La missione aveva uno scopo benefico, ma ha dovuto interromperla per non mettere a rischio la propria vita.
ZURIGO - Quando un motoscafo con giovani armati fino ai denti lo supera, poco dopo il confine con il Brasile, capisce che è ora di tirare i remi in barca. Il bernese Janick Jaussi (27 anni) cerca rifugio in un piccolo villaggio sulle rive del Rio delle Amazzoni. Qualcuno gli racconta che proprio lì, solo tre giorni prima, ha perso un membro della famiglia, ucciso da una banda di criminali mentre stava pescando appena fuori dal villaggio.
I controlli di polizia sono praticamente inesistenti sul fiume e la criminalità, di conseguenza, ha gioco facile ed è pronta a spargere sangue per un nonnulla. La verità è che nella giungla remota non si temono conseguenze e non mancano «le guerra tra bande», come racconta il bernese.
Jaussi ha iniziato la sua avventura in Perù, il 20 maggio. Destinazione: la foce del Rio delle Amazzoni a Macapá. Ma prima di Manaus ha deciso di arrendersi. A scoraggiarlo definitivamente è stata la polizia di frontiera che, dopo averlo raggiunto sulla sua barca non ha usato mezzi termini: «Se prosegui probabilmente verrai ucciso». Jaussi ha scelto di sopravvivere, mettendo così un punto alla sua avventura.
Continuare è troppo pericoloso - Il viaggio - riporta 20 Minuten - serviva per raccogliere soldi a favore di un progetto di conservazione della natura in Perù. Per questo il giovane è partito a bordo del suo catamarano autoassemblato e all'inizio di luglio ha superato la soglia dei 1.000 chilometri di navigazione. In totale, avrebbero dovuto essere 5.000. Ma probabilmente non sarebbe arrivato vivo al traguardo. Così ha gettato la spugna. «È complicato trovare nascondigli, quindi il pericolo di essere scoperti da bande criminali è maggiore, specie di notte», afferma Jaussi. «In questo momento è difficile da accettare questa sconfitta. Probabilmente ci vorrà del tempo, ma in fondo credo che sia stata la decisione giusta».

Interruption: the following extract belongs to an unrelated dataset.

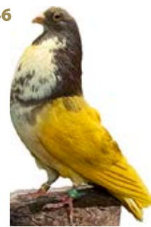
ESCAPADO AK-873267 ROJO PERA PEÑA MARIA

Aree trasformate in campi di battaglia - L'organizzazione per i diritti umani Human Rights Watch (HRW) da anni avverte dei pericoli nell'Amazzonia brasiliana. La deforestazione delle foreste pluviali è in gran parte responsabilità delle reti criminali. «Chiunque si metta sulla loro strada sarà attaccato o intimidito. Il Governo, a sua volta, non protegge né gli attivisti, né la foresta pluviale».
Le vittime includono non solo gli ecologisti, ma anche membri delle comunità indigene e altri residenti della foresta pluviale. Secondo HRW, i responsabili di atti di violenza vengono identificati di rado. Su oltre 300 omicidi documentati, solo 14 casi sono stati processati.
Su "Zeit", l'esperto d'Amazzonia Hugo Loss ha tracciato un quadro molto chiaro di questi criminali, dipingendoli come «aggressivi e convinti della loro potenza. Hanno trasformato alcuni santuari tribali in campi di battaglia e stanno letteralmente prendendo possesso di quel territorio».